The Mac market is not the Windows market.
If MacOS is better than Windows, then one of the key reasons is that Apple can have a clean sweep every decade or so without losing their ultra-conservative corporate customers. Even Apple's "pro" users mainly work in media creation and, by necessity, are vastly more open to change than the banks and insurance companies who keep Microsoft stuck with supporting 30 year-old software.
Windows users expect to be able to run binaries compiled in the 1990s (and they have to support a huge corporate market who rely on this) using an API that was x86-centric since it was cloned from CP/M (...Windows NT is newer and cross-platform, but the non-x86 versions all failed and/or were dropped, and even Windows 10 still supports old Win9x-era, if not before, binaries).
In that time, Apple have (a) completely switched processor architecture 3 times (68k to PPC, PPC to x86-32, x86-32 to x86-64) and (b) dumped Classic MacOS for a completely new NextStep-based OS that isn't even source-code compatible with "Classic" (and the "classic" emulation mode is long gone)... which, as a Unix implementation, is fundamentally platform-agnostic and founded on source-level compatibility anyway
Also, Apple control the hardware and the software, so they can force a transition by simply announcing an end-of-life for x86 Macs - anybody wanting to stay in the Mac software business will have to support ARM - whereas Microsoft can't (well, they could drop x86 Windows... and cease to exist) so currently you have 1 or 2 ARM Windows machines vs hundreds of Intel-based competitors with no particular incentive for developers to support it.
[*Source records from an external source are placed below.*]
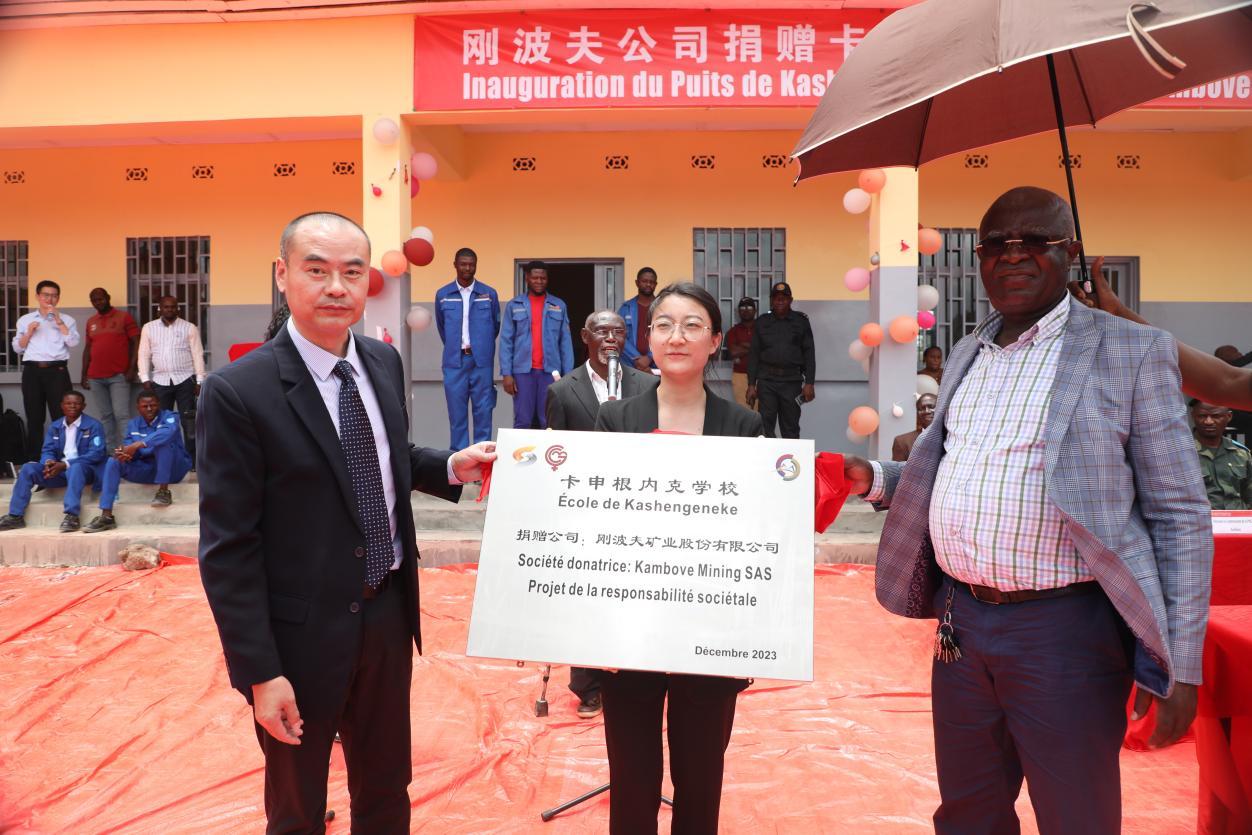 3月1日,剛果(金)上加丹加省利卡西市坎博韋鎮卡申根內克村在小學舉行典禮,慶祝由中國有色集團出資企業剛波夫礦業股份有限公司(簡稱:中色剛波夫)捐建的卡申根內克小學及水井項目竣工。中國有色集團剛果(金)代表處主任劉軼,中色剛波夫董事長王首高、總經理李沖、副總經理錢兆明出席交接活動。在上加丹加省省長代表、財政部部長、礦業部長辦公室主任、杰卡明副董事長、坎博韋鎮鎮長、坎博韋社區發展委員會等眾多來賓和學校師生的見證下,中色剛波夫正式向卡申根內克村交接小學及水井,并向小學捐贈了積木、足球、鉛筆、橡皮和學生筆記本等。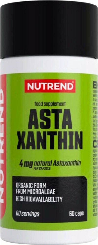 Mini listing claim: Nutrend Astaxanthin (60 kapslí) – přírodní astaxanthin z mikrořasy Haematococcus pluvialis, karotenoid rozpustný v tucích s dobrou biologickou dostupností, vhodný pro sportovní i běžný režim.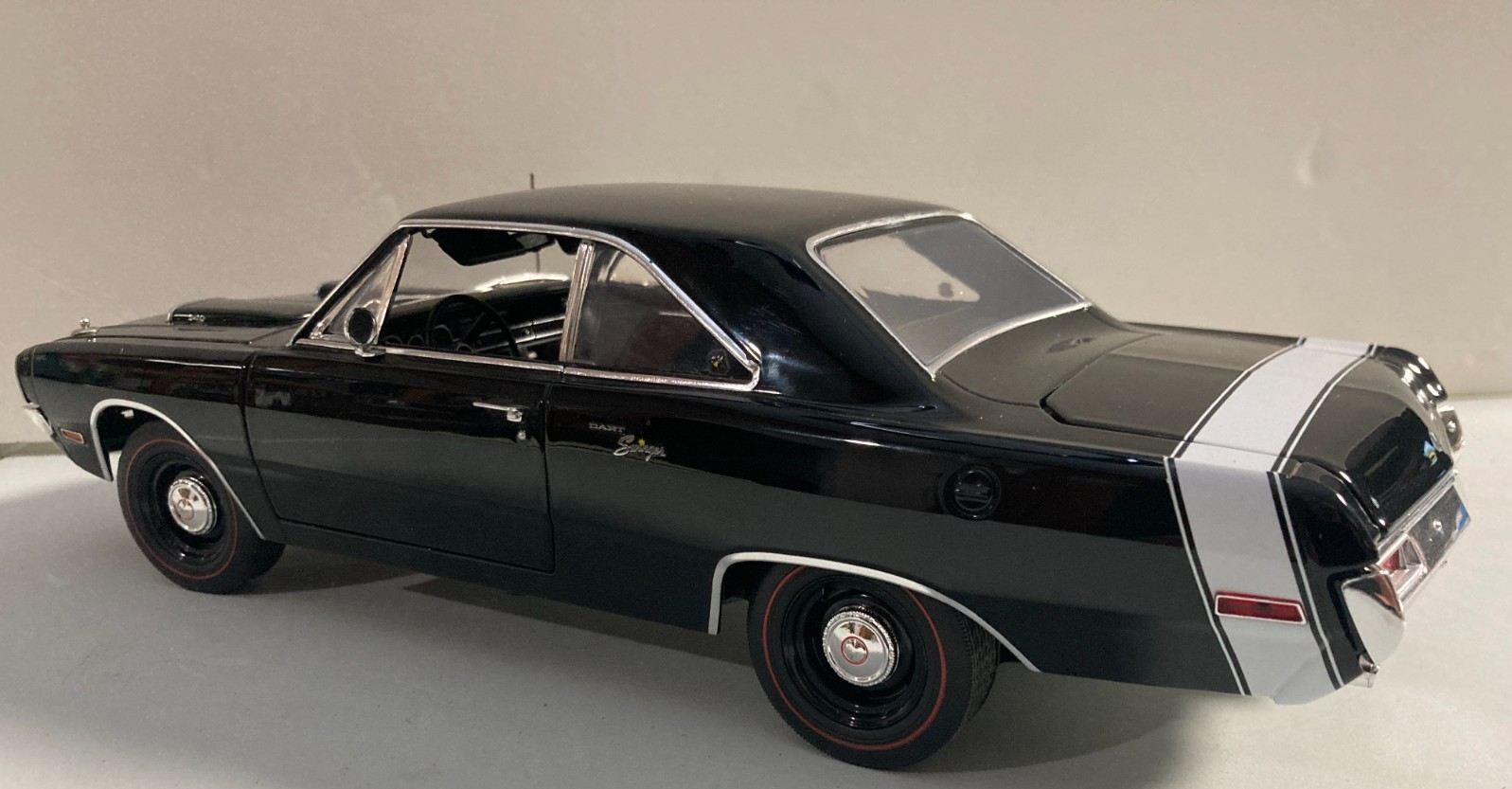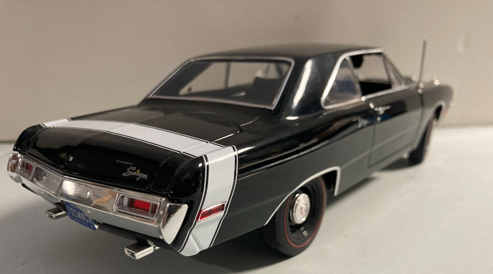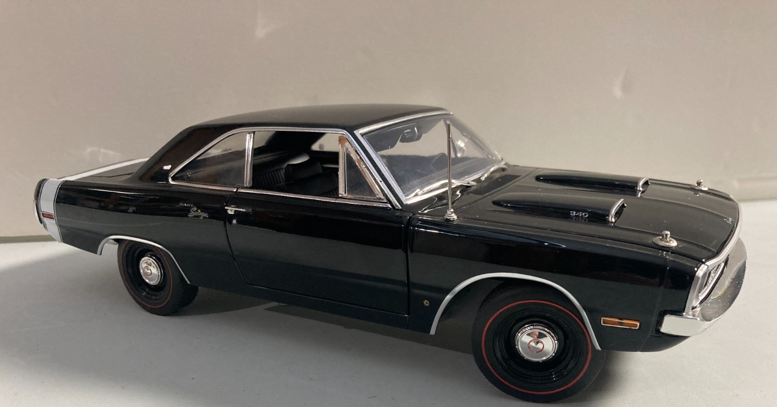 The 1969 Dodge Dart Swinger 340 with a vinyl top is a 1/18 scale diecast car by Acme, released in 2021. This model features a black color and is designed to look like the classic Dodge Dart from 1969. Perfect for collectors and enthusiasts aged 13 and up, this detailed replica of the iconic car is a must-have addition to any diecast car collection. This was a display in a shop so it has a bit of dust. Please review the pictures and if you have questions please send a message before buying. It is a really nice die cast for display. Comes with hood pins attached, No Box

Heck, Apple could afford to lose the Mac entirely.
Meanwhile, have spent years shepherding developers towards official MacOS frameworks for graphics, acceleration etc., depreciating OpenGL, CUDA etc. They just purged the Mac world of "abandonware" and legacy binaries by dropping 32 bit support in Catalina. For the vast majority of applications, written mainly in high-level languages, recompiling for ARM64 is going to be a trivial job compared to converting them from x86-32 to x86-64... and for the exceptions, well, if the developers don't think their worth supporting they're likely to die at the next major MacOS upgrade anyway (if they haven't already been killed by Catalina).
It's pretty ironic that the most serious loss from switching the Mac to ARM would be the ability to run Windows
...although, personally, that's a feature I'm finding less and less important - increasingly, there are Mac and cloud-based alternatives to Windows-only software, the demise of Internet Explorer and MS's switch to Chromium vastly reduces the need for testing websites/webapps on Windows while the lack of a touchscreen on the Mac probably means that I'm going to end up needing to buy a Windows laptop/convertible to properly test websites/apps.
Meanwhile, if I really need an x86 Linux VM (given that ARM64 Linux is already well-developed), I can spin one up in the cloud for a penny an hour (its not like you can do modern web development without an Internet connection).
That seems most likely - 6 months of a developer program should ensure a huge swathe of natively-compiled ARM apps. The big pro media apps will likely take a bit longer.
However, notwithstanding the comments above (and the revelation that an iPad Pro+ Magic Keyboard weighs more than an Air) I'm starting to wonder if the mythical ARM Mac will actually turn out to be an "iPad Laptop"... which would explain all the interest in "Pro" apps for iPad.